Leave the pictures out, and transcribe the material below exactly from the line with "- ↑ Bijaksana" to the line with "Swage Standoff M4x8.0", both lines included.

RECORDS FOR PROCESSING:
··········
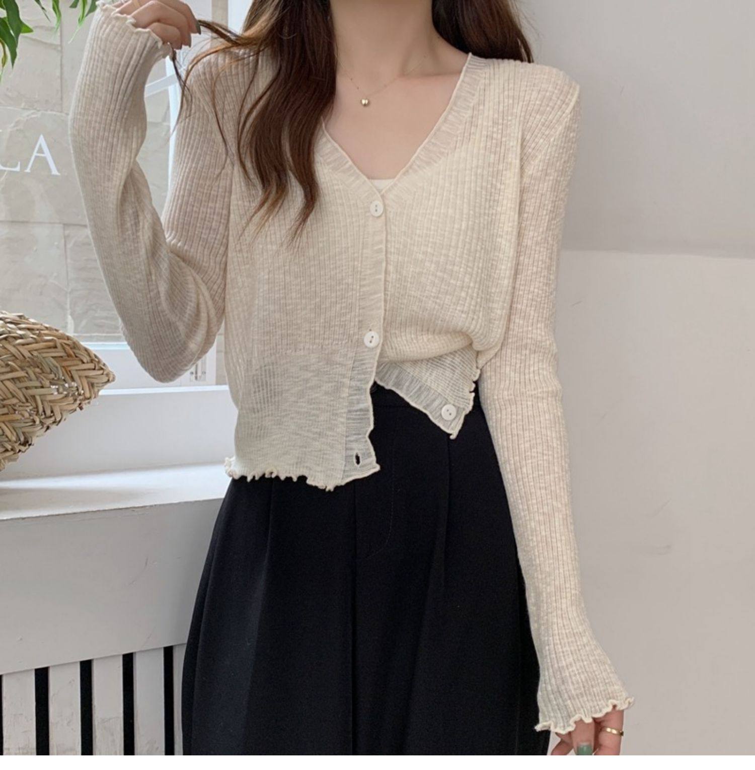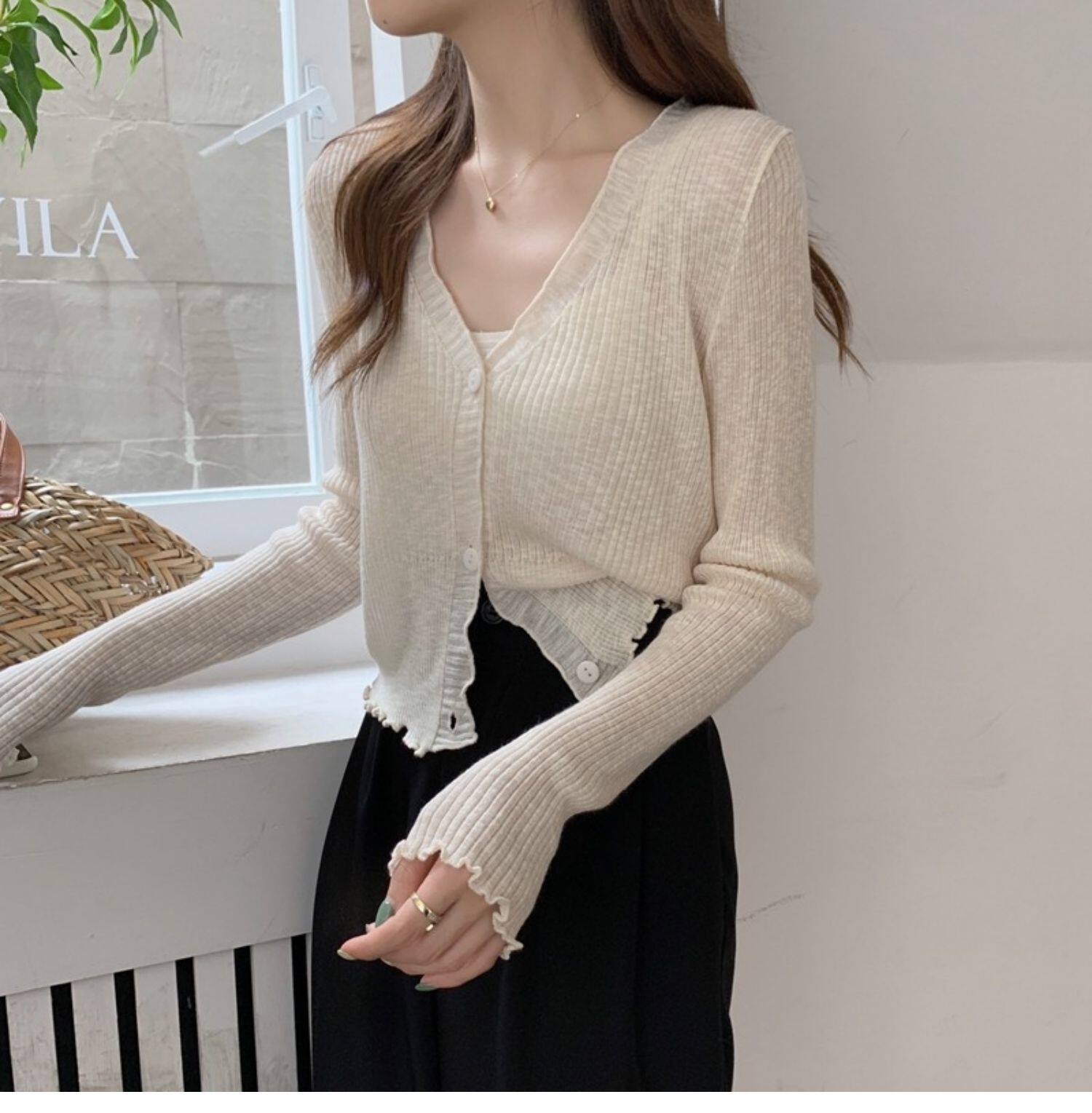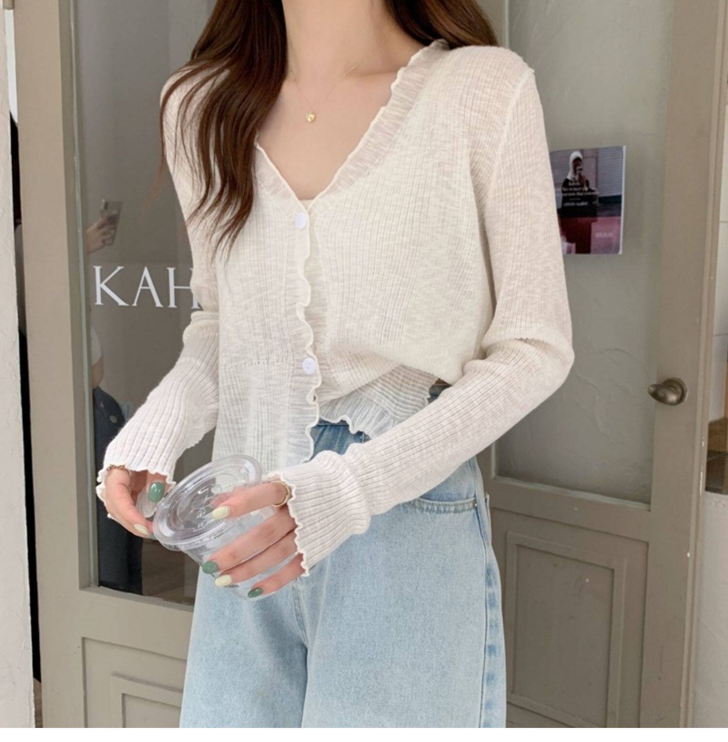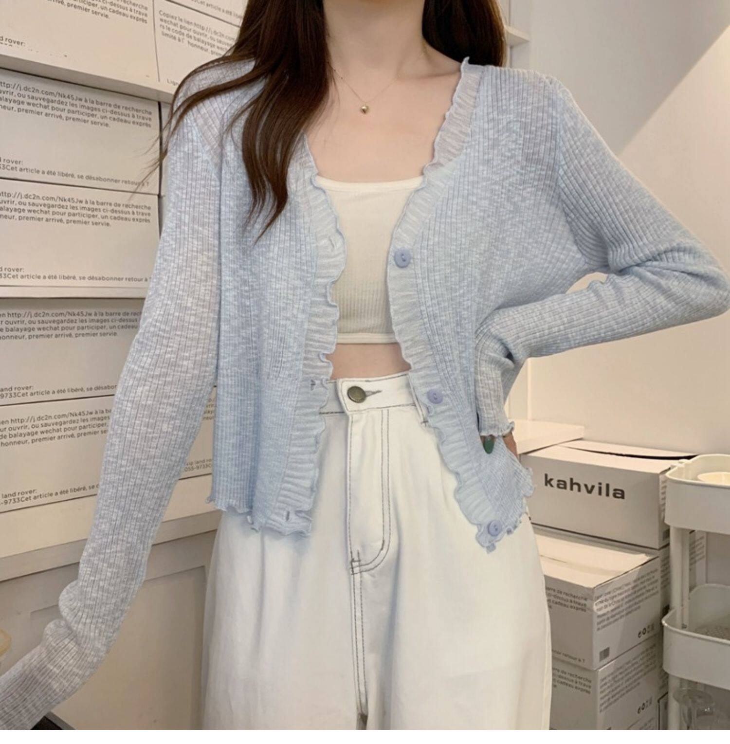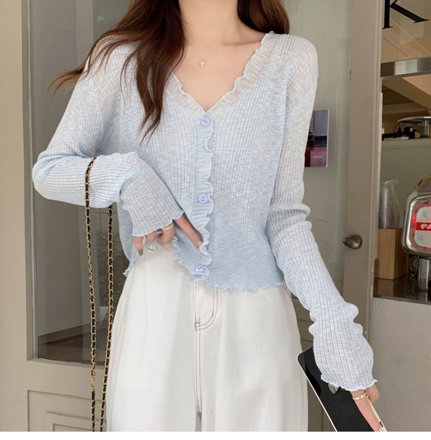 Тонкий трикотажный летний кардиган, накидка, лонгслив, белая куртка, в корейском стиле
··········
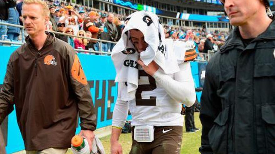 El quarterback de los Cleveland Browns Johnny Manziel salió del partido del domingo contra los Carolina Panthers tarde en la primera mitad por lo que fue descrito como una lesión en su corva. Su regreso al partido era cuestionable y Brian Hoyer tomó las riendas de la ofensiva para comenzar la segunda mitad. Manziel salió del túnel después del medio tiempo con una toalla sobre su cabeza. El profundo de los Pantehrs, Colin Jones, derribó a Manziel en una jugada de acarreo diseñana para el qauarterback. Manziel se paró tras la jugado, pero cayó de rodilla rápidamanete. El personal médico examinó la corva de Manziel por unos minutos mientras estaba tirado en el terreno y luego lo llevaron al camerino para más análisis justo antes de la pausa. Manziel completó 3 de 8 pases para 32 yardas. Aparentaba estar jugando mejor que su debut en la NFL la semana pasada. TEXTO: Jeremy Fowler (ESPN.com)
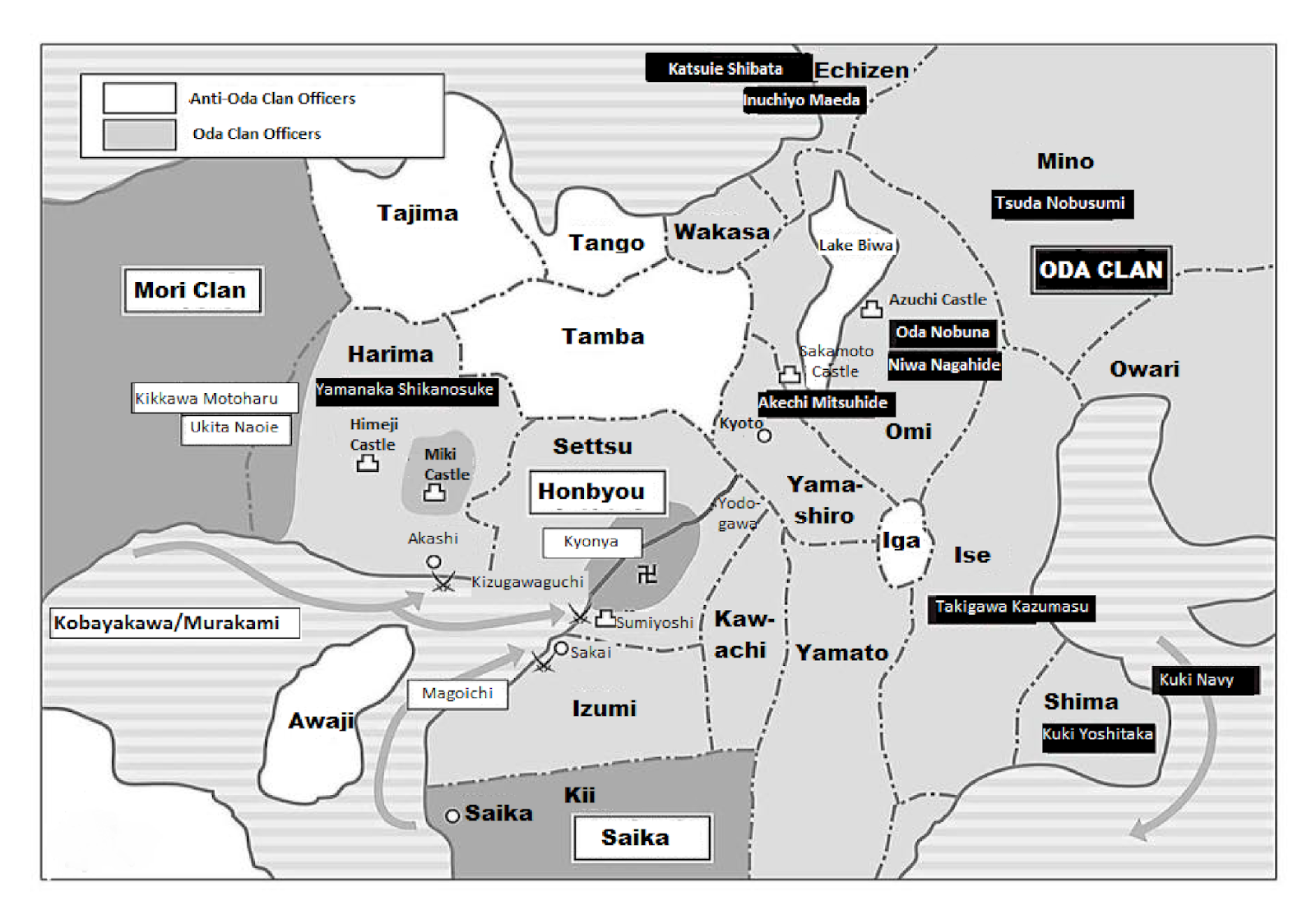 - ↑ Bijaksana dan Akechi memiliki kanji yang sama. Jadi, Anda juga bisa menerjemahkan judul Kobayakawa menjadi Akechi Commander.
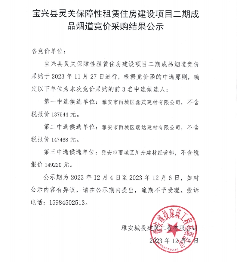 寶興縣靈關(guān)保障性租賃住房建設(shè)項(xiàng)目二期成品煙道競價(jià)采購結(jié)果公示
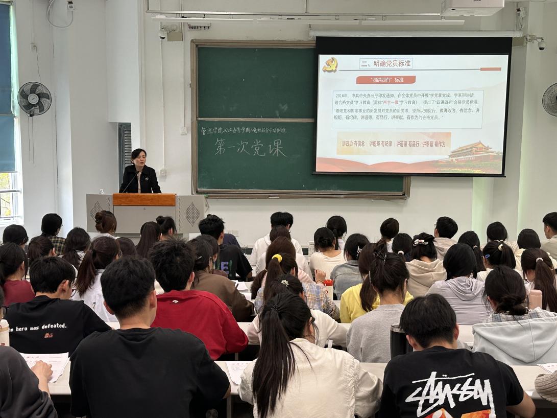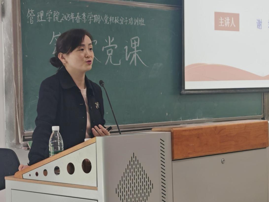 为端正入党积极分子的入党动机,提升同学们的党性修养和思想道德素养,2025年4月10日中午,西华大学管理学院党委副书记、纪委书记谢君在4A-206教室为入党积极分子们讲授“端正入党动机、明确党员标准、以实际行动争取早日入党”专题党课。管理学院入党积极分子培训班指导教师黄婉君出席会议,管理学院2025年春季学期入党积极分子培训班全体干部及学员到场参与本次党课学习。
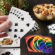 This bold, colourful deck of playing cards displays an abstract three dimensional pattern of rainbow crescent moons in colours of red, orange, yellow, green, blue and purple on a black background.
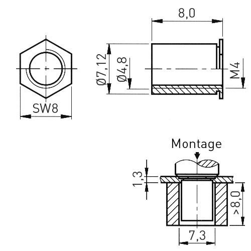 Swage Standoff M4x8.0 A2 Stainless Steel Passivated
··········
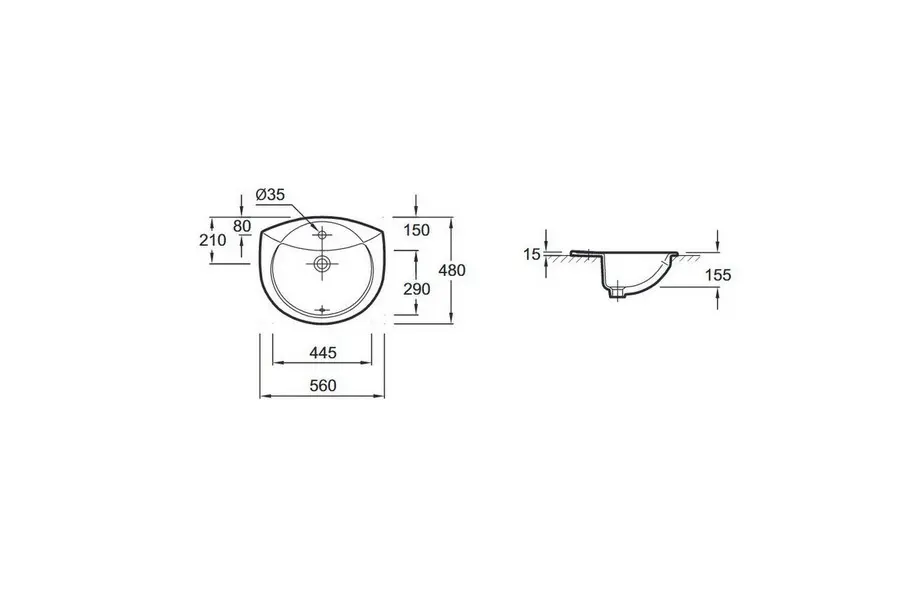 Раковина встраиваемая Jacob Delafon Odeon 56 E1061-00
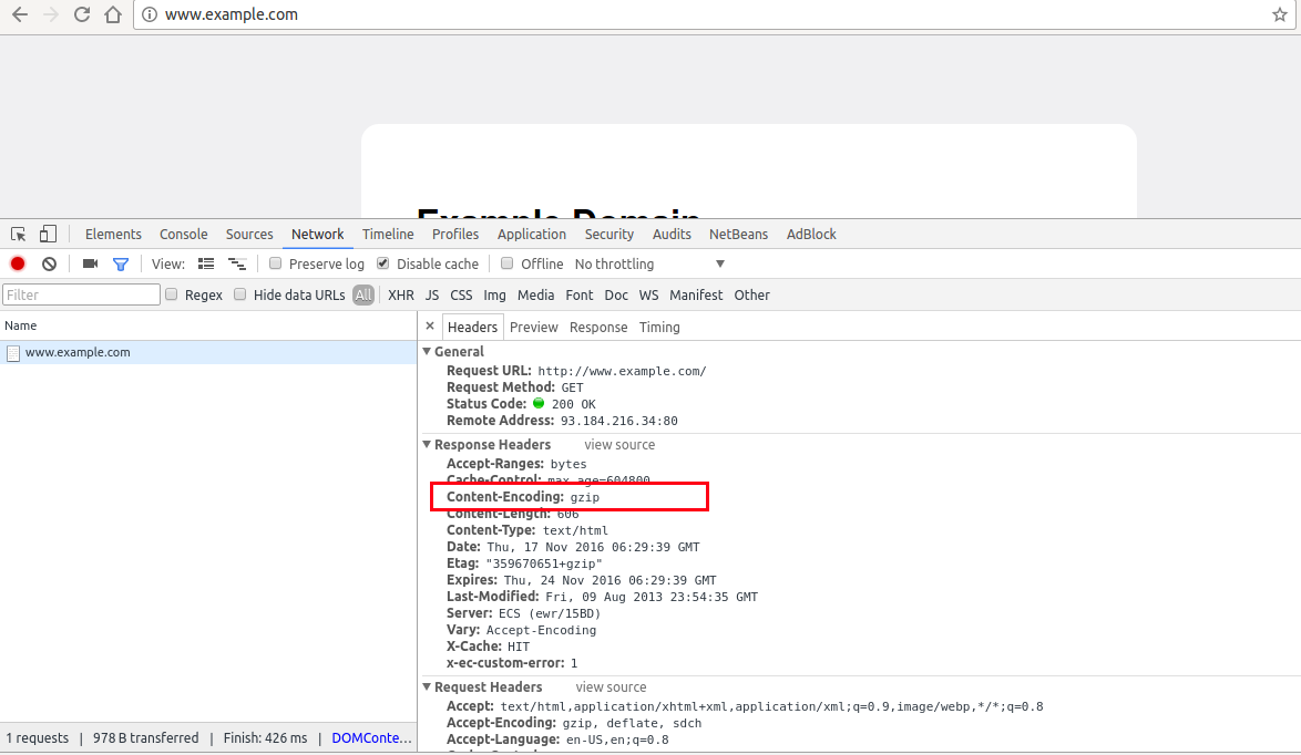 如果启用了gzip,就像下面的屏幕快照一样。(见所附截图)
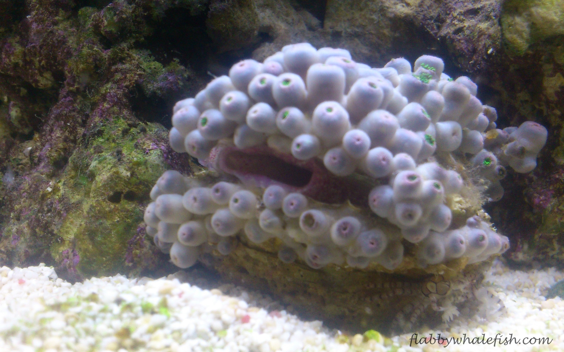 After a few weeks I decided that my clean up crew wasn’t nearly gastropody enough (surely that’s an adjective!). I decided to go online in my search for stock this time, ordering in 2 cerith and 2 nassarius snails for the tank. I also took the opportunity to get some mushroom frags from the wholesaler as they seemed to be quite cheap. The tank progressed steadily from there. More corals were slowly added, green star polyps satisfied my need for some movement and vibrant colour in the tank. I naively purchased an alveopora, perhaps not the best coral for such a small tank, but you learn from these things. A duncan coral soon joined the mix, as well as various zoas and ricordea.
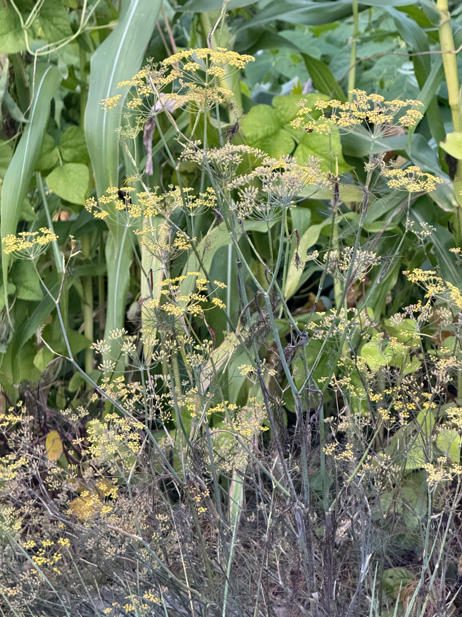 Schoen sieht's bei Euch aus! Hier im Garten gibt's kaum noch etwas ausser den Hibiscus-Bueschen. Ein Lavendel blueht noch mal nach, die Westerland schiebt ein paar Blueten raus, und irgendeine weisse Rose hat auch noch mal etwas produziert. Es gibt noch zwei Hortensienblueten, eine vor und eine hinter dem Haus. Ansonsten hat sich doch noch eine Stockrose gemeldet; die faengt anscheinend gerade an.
··········
SOLVED PROBLEM:
 - ↑ Bijaksana dan Akechi memiliki kanji yang sama. Jadi, Anda juga bisa menerjemahkan judul Kobayakawa menjadi Akechi Commander.
 寶興縣靈關(guān)保障性租賃住房建設(shè)項(xiàng)目二期成品煙道競價(jià)采購結(jié)果公示
 为端正入党积极分子的入党动机,提升同学们的党性修养和思想道德素养,2025年4月10日中午,西华大学管理学院党委副书记、纪委书记谢君在4A-206教室为入党积极分子们讲授“端正入党动机、明确党员标准、以实际行动争取早日入党”专题党课。管理学院入党积极分子培训班指导教师黄婉君出席会议,管理学院2025年春季学期入党积极分子培训班全体干部及学员到场参与本次党课学习。
 This bold, colourful deck of playing cards displays an abstract three dimensional pattern of rainbow crescent moons in colours of red, orange, yellow, green, blue and purple on a black background.
 Swage Standoff M4x8.0 A2 Stainless Steel Passivated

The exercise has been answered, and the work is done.